Если тренировка проходит в утреннее время, полезно узнать несколько особенностей, зная которые можно улучшить желаемый результат.
Не все работают в ежедневке с выходными днями, именно поэтому для некоторых утренняя тренировка единственных выход регулярно тренироваться. Исходя из практики, минимум 20% людей посещающих тренажёрный зал, вынуждены посещать тренажёрку в 8-9 часов утра.
Для некоторых утренняя тренировка для похудения чуть ли не единственный выход избавиться от лишних килограммов, ведь многие смущаются своих форм и чувствуют себя не в своей тарелке, когда вокруг много людей с красивыми фигурами. Именно таким людям, которые не могут тренироваться постоянно вечером и тем, кто хочет скинуть лишний вес и лишь потом тренироваться вместе со всеми, необходимо запомнить 5 особенностей утренних тренировок.
1. Более длительная разминка
Это не станет для кого-то новинкой, ведь утром мышцы, связки, сухожилия и суставы, находятся в полусонном состоянии, тело менее подвижное и все движения выполняются как в замедленном кино. Это нормальный и естественный процесс.
Все мышечные волокна менее эластичные, чем в вечернее время, поэтому время на разминку должно уходить больше. Также не стоит забывать, что скорость кровообращения в утреннее время замедленное, а значит доставка питательных веществ в мышцы также поступает в уменьшенном количестве.
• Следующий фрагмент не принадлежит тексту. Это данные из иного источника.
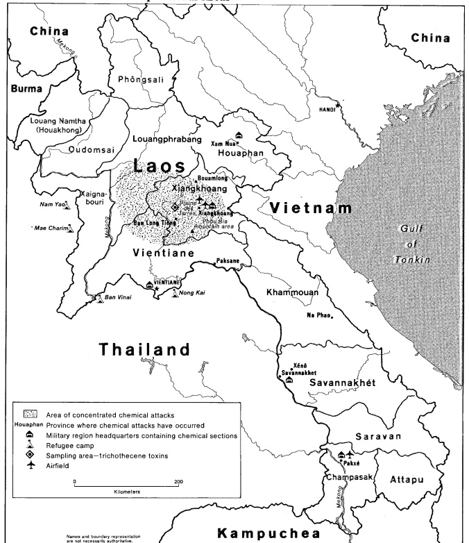
Laos: Chemical Warfare Operational Areas

The medical symptoms reportedly produced by the chemical agents are varied. According to knowledgeable physicians, the symptoms clearly point to at least three types of chemical agents—incapacitant/riot-control agents, a nerve agent, and an agent causing massive hemorrhaging. The last-named was positively identified as trichothecene toxins. This was announced publicly by Secretary Haig in September 1981. In a number of the refugee reports, eyewitnesses described attacks as consisting of "red gas" or a "yellow cloud."

Поэтому разминку ни в коем случае нельзя игнорировать, ведь в случае чрезмерной нагрузки на мышцы, потянуть не разогретые мышцы проще-простого. Перед растяжкой необходимо первоочередное внимание уделить 5-10 минут велотренажёру или орбитреку.
2. Завтрак перед силовой тренировкой
Если нагрузка ограничится обычным бегом, можно обойтись без еды, но если тренировка предполагает силовые нагрузки, то утренний завтрак ОБЯЗАТЕЛЕН. Почему так? Всё дело в том, что за ночь концентрация сахар в крови падает. Без завтрака он находится на минимальном уровне (именно поэтому при сдаче крови с утра, не рекомендовано употреблять пищу), а значит энергии перед тренировкой почти нет.
Обычно минимум энергии ощущается только под воздействием силовых нагрузок, если вы просто ходите по квартире или идёте на работу большой разницы не почувствуется. Чтобы завтрак был вкусным и с достаточным количеством энергии, необходимо:
♦ чтобы он состоял на 60% из углеводов (половина должны быть из быстрых углеводов), 30% из белка и 10% из жиров.
Чтобы не было тяжести в желудке завтракать необходимо за 1-2 часа до начала тренировки.
В качестве продуктов подойдут:
♦ овсяная каша;
♦ бананы;
♦ творог;
♦ гейнер;
♦ сгущённое молоко;
♦ варенье.
3. Более интенсивные тренировки
При условии хорошего ночного отдыха, правильного завтрака и грамотной разминки, потренироваться получится намного интенсивнее, чем в вечернее время. Ведь организм отдохнувший и ещё не успел устать за целый день.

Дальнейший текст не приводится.